=== Begin Enclosure ===

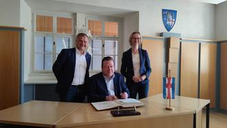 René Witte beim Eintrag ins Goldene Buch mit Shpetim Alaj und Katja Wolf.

=== End Enclosure ===
=== Begin Enclosure ===

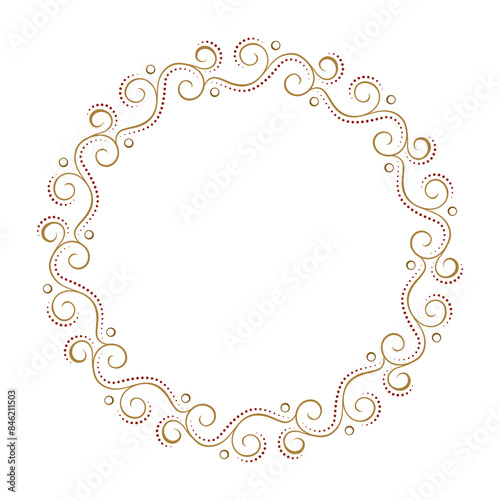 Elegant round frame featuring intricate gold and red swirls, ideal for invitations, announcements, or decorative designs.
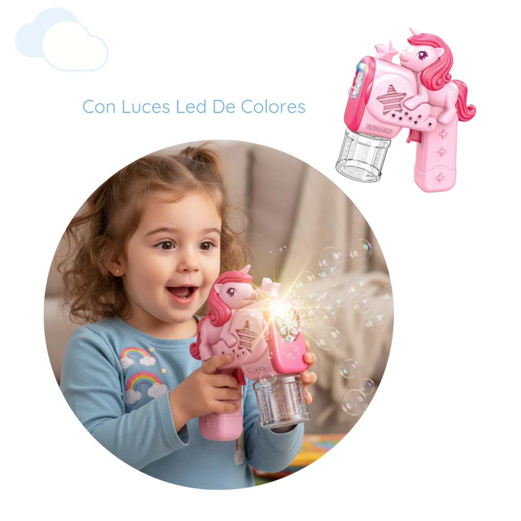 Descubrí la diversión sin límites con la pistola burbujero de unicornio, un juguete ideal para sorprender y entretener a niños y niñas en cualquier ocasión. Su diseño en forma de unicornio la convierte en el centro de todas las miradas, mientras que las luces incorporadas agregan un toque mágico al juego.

=== End Enclosure ===

• What you need to do: Print the part of the listing above that opens with the line containing "Elegant round frame" and closes with the line containing "Descubrí la diversión". Copy it exactly, both ends included, and omit the pictures.

• Response to this exercise:
 Elegant round frame featuring intricate gold and red swirls, ideal for invitations, announcements, or decorative designs.
 Descubrí la diversión sin límites con la pistola burbujero de unicornio, un juguete ideal para sorprender y entretener a niños y niñas en cualquier ocasión. Su diseño en forma de unicornio la convierte en el centro de todas las miradas, mientras que las luces incorporadas agregan un toque mágico al juego.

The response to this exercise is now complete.